§ The problem
The data that follows is to be copied exactly, with each image removed.

§ Data excerpt
*****
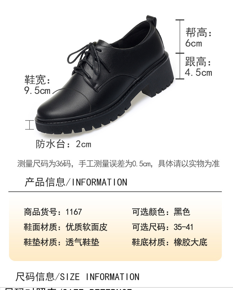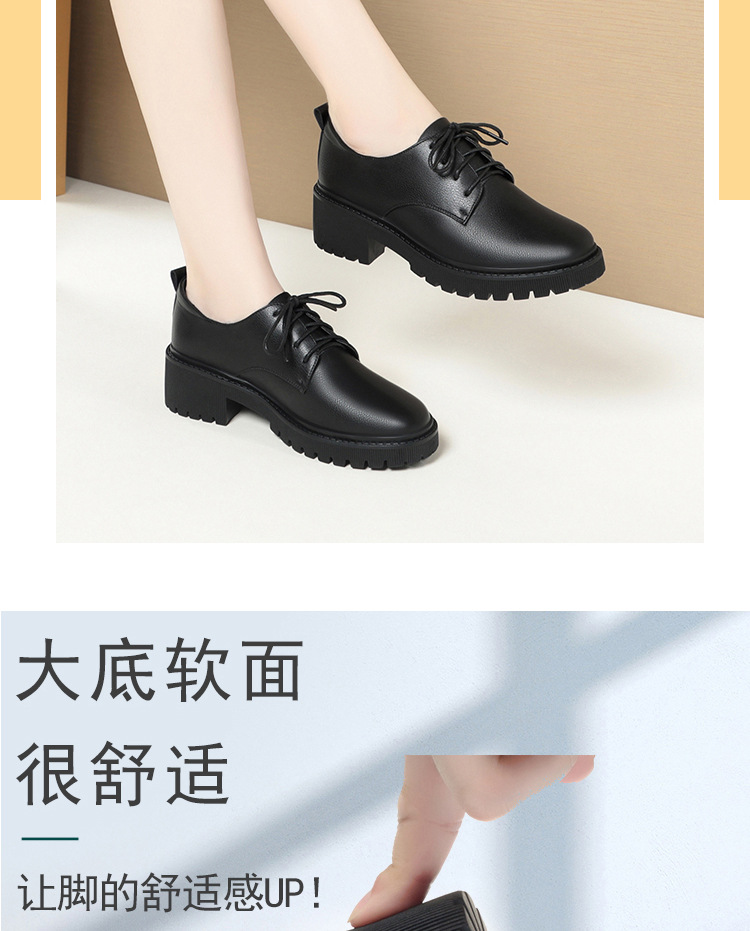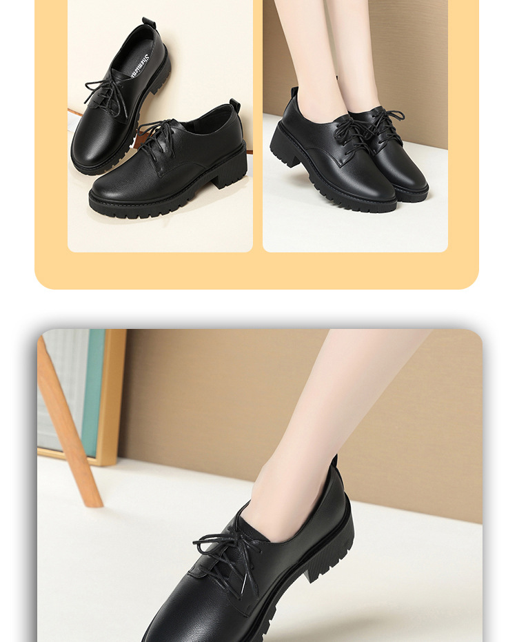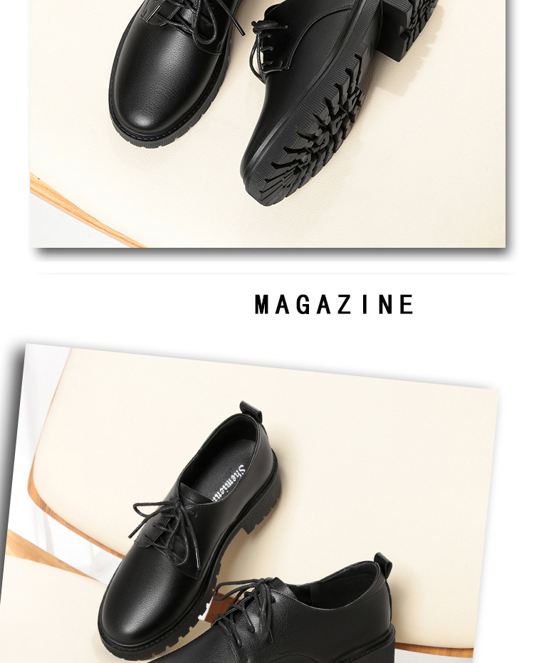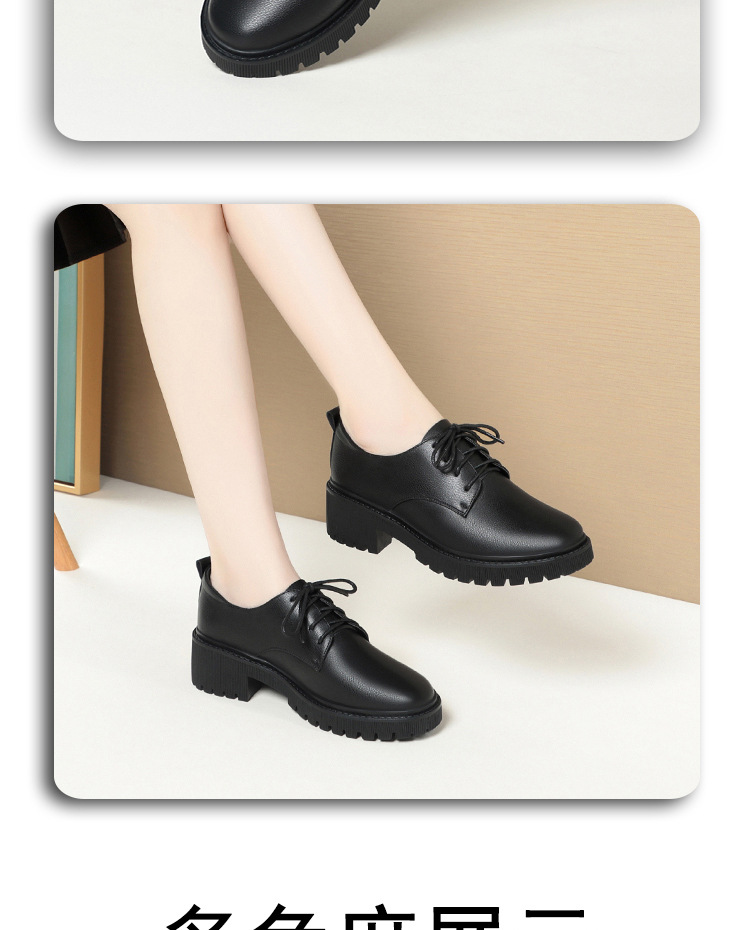 깊은 입 레이스 업 작업 신발 여성 블랙 툴링 작업 통근 여성 가죽 신발 부드러운 단독 표면 여성 신발 가을 겨울
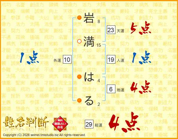 岩満はるさんの総運は29画の4点!
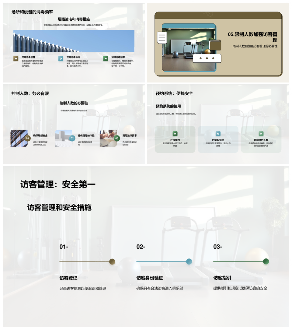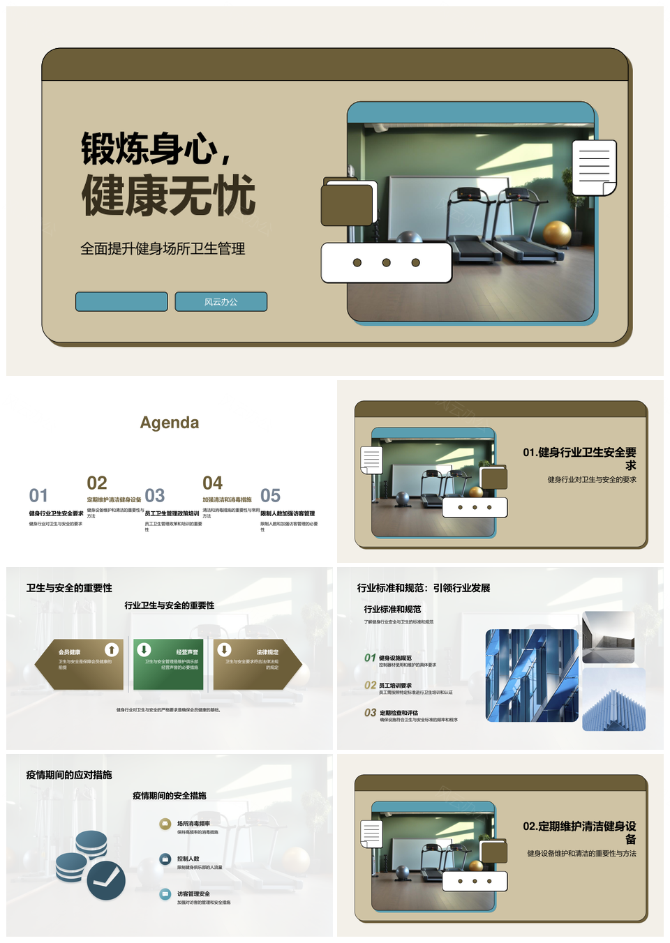 风云办公提供的健身行业疫情期安全卫生规范管理PPT模板,下载格式为pptx,一共23页,作品中文字及图均可以修改和编辑,图片更改请在作品中右键图片并更换,文字修改请直接点击文字进行修改。
*****
§ Response area
 깊은 입 레이스 업 작업 신발 여성 블랙 툴링 작업 통근 여성 가죽 신발 부드러운 단독 표면 여성 신발 가을 겨울
 岩満はるさんの総運は29画の4点!
 风云办公提供的健身行业疫情期安全卫生规范管理PPT模板,下载格式为pptx,一共23页,作品中文字及图均可以修改和编辑,图片更改请在作品中右键图片并更换,文字修改请直接点击文字进行修改。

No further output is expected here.